Cinco días después de su muerte entendí que lo más lógico sería buscarla de nuevo. Comencé por buscar rasgos comunes dentro de otras pieles, lunares parecidos a sus formas y ojos ignorantes del cielo y del amor. Nada fue tan difícil de encontrar como las cicatrices de su espalda y de tus muslos, esas, indudablemente, tendría que crearlas yo para que tuviera sentido tanta búsqueda y tanta espera.
Al cabo de un mes, mis cacerías tuvieron que parar por falta de tiempo y exceso de trabajo. Probablemente lo que me enamoró de ella fue su poco interés y disposición a escucharme y sus muchas ganas de que la despojara de toda ropa y eventualmente de toda vida.
Siete meses después apareció caminando por los pasillos del mismo lugar en el que la vi por primera vez.
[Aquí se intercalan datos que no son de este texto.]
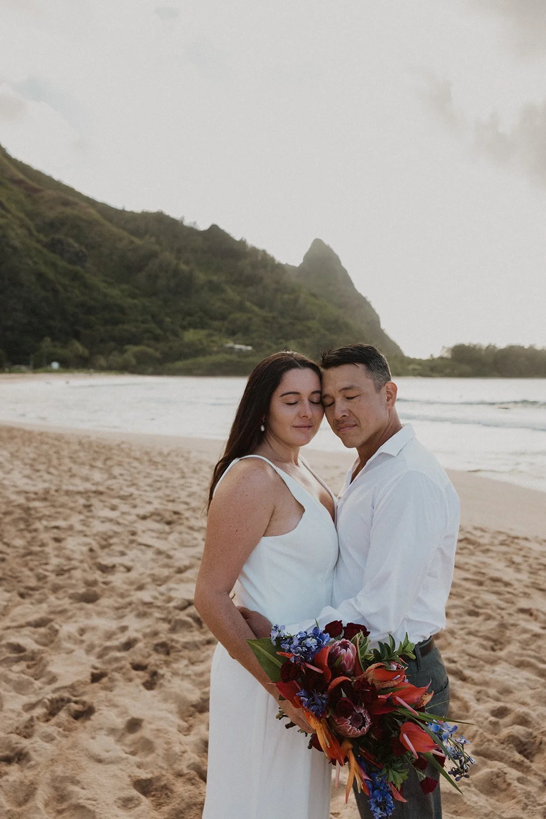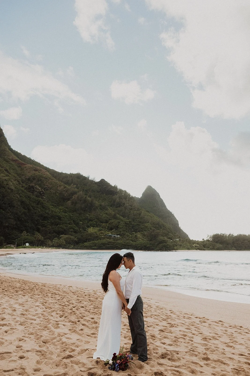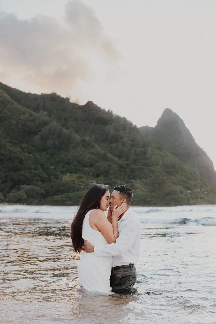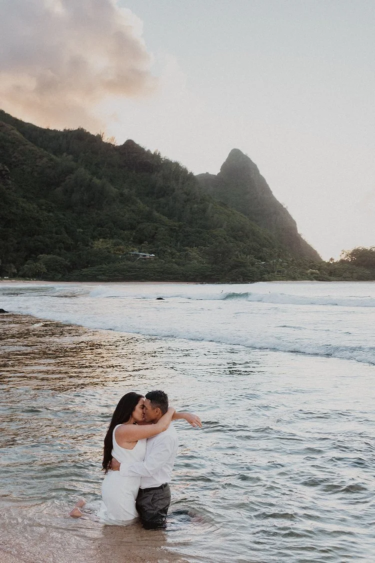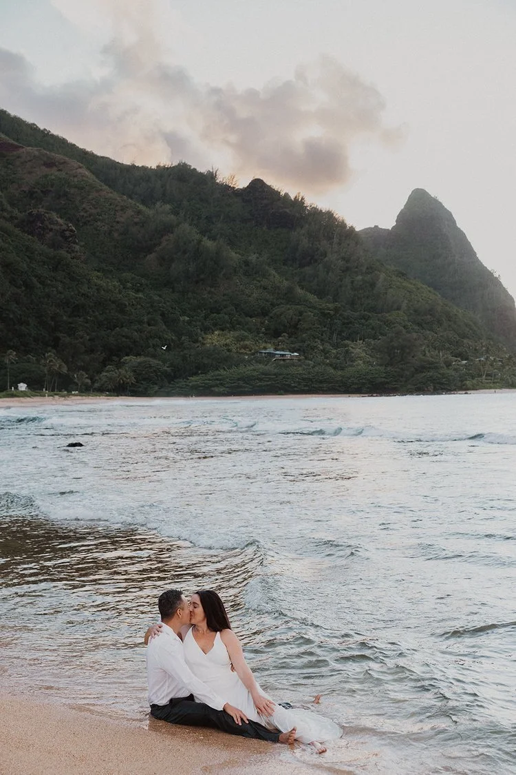 The Kauai elopement of my dreams! This was such a simple, adventurous, and down-to-earth elopement on the North Shore of Kauai for sunset with the prettiest mountain view. Kauai is 1000% the place to elope if you’re looking for an intimate, quiet, and simple day.

Ahí estaba ella, tan encarnada en ese cuerpo que creí descompuesto, en esa piel que murió vestida de rojo y fue enterrada de negro, pero entonces ¿a quién me llevé?
Tantos intentos por recrearla, por igualarla y esta vez no matarla, evidenciaban mi ineptitud para esta vacante, qué diría el magisterio de una Muerte enamorada, de una Muerte que juega a la alquimia e intenta transmutar a un humano en otro. Cómo explicaría a todos allá arriba y allá abajo que me dejé invocar y convencer por una nínfula que sólo jugó al esoterismo para conocer mis secretos y convertirse en un ser casi inmortal. Lo peor de todo será agregar en el currículum que dejé el puesto por distraerme y enamorarme como si estuviese vivo, estando yo tan muerto.